From Texas to New York: Why asylum seekers have been driven thousands of miles across US

More than 90,000 migrants have come to New York City since the spring of 2022. Credit: AP

By Will Tullis, ITV News Washington DC Producer

As dawn breaks over New York, weary yet hopeful new arrivals join the queue outside the city's public library building.

For months, hundreds of asylum seekers have come here to seek help from TLC NYC, a charity that gives out clothes, blankets and other basic provisions to those who need them most.

"I've been [in the queue] since just before 6am," Ana - a doctor from Venezuela - tells us.

"I'm worried if I came any later then I wouldn't get any help... I need it for my daughters," she says.

Solidarity for asylum seekers is not in short supply in this city built on immigration, but resources are running thin.

TLC NYC's director Ilze Thielmann told us that people will queue from as early as 4am - five hours before the charity opens its doors - in the hope of getting the provisions and assistance they need to start and survive life in their new city.

"We try to help as many people as possible, but so many are coming...we have to turn people away," Ilze told us.

"It's heartbreaking."

Asylum seekers from countries including Venezuela are coming to New York, with many being driven thousands of miles from the border with Mexico, as Peter Smith reports.

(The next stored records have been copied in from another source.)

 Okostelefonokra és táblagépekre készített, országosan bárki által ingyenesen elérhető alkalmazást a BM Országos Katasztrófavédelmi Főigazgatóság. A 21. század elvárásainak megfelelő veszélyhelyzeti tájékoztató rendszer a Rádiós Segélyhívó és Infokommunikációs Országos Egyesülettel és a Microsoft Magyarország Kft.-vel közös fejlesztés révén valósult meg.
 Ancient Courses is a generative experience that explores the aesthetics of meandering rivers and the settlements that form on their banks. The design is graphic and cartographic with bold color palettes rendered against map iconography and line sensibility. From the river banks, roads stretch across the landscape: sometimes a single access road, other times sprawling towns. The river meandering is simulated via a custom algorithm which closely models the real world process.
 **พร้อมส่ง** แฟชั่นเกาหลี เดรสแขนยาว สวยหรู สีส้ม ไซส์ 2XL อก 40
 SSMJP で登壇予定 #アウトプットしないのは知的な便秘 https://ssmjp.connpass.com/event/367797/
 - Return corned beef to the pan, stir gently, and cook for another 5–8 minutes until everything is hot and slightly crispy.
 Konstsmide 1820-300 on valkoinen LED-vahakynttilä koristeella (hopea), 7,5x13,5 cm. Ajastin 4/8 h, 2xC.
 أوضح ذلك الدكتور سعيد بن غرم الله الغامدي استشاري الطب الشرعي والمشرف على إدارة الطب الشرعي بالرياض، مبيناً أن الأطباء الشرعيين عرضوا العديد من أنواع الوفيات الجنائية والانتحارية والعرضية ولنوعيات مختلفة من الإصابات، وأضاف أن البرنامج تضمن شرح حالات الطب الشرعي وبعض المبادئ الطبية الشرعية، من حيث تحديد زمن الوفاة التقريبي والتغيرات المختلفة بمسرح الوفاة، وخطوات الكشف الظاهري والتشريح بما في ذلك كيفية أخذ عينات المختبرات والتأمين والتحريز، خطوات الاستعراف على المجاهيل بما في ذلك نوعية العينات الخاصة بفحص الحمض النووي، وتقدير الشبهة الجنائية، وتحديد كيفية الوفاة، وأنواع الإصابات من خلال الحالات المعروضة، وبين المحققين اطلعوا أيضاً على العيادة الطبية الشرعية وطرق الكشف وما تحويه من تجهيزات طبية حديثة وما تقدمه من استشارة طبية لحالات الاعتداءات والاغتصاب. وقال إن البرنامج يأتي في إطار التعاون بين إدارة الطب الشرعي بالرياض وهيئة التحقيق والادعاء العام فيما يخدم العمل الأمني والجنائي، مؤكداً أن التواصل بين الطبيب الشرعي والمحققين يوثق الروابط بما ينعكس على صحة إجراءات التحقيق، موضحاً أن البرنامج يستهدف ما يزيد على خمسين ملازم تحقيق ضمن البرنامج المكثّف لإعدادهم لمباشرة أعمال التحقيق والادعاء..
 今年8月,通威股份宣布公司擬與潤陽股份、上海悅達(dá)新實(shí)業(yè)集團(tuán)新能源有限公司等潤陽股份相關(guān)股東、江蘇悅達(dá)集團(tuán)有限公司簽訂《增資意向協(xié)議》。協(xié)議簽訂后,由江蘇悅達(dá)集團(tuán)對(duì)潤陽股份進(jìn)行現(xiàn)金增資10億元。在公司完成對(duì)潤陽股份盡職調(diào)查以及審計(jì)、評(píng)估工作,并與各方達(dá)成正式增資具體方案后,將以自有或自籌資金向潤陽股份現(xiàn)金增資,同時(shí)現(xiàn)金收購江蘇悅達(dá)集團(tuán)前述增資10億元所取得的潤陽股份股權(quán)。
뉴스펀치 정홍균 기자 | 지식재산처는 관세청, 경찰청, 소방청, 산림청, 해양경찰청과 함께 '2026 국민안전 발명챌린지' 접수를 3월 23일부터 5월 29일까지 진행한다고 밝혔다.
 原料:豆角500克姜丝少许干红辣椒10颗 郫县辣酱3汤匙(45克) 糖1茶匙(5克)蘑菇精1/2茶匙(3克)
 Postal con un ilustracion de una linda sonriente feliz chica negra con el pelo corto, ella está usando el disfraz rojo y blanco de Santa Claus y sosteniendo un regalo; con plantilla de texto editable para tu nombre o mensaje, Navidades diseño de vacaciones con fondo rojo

More than 90,000 migrants have come to New York since the spring of 2022, according to the city's mayor, Eric Adams.

Many of those have arrived on buses from Texas and Arizona, conservative states more than 1,000 miles away, that many asylum seekers cross into from Mexico.

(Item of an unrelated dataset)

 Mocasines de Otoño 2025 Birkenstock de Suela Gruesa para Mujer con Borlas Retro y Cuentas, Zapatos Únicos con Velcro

In Texas, the buses are part of Governor Greg Abbott's policy of forcing New York Mayor Eric Adams to - as Abbott sees it - put his money where his mouth is.

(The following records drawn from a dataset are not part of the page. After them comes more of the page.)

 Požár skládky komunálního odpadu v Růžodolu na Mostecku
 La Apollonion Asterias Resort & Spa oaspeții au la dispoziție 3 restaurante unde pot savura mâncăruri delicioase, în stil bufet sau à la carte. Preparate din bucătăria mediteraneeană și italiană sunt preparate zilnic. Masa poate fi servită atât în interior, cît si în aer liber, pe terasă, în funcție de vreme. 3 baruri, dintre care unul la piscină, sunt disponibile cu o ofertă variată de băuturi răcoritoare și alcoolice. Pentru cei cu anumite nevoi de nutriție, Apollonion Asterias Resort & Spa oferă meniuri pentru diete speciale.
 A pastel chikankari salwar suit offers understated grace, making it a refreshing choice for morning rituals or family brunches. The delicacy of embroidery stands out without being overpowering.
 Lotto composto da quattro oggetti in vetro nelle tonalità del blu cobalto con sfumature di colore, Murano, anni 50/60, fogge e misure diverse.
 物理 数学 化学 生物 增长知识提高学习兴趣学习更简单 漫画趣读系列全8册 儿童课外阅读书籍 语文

"Adams talked the talk about being a sanctuary city, welcoming illegal immigrants into the Big Apple with warm hospitality," Governor Abbott said.

"Talk is cheap. When pressed into fulfilling such ill-considered policies, he wants to condemn anyone who is pressing him to walk the walk," he added.

New York's mayor, Eric Adams, says asylum seekers will cost the city $12 billion (about £9.5 billion). Credit: AP

Back in the queue, we meet one of those who arrived in New York by bus from Texas.

Edinson and his young family came to the US from Venezuela after a perilous journey across land and sea, on foot and even atop the roof of a crowded train. He crossed the Rio Grande from Mexico into Texas, with his son on his shoulders.

After he crossed, he was held in an immigration detention centre for hours, before he was put on a bus to New York.

"I was put on the bus and the journey was 36 hours - a day and a half," he told us.

"There are more and more migrants arriving everyday here from all over the world.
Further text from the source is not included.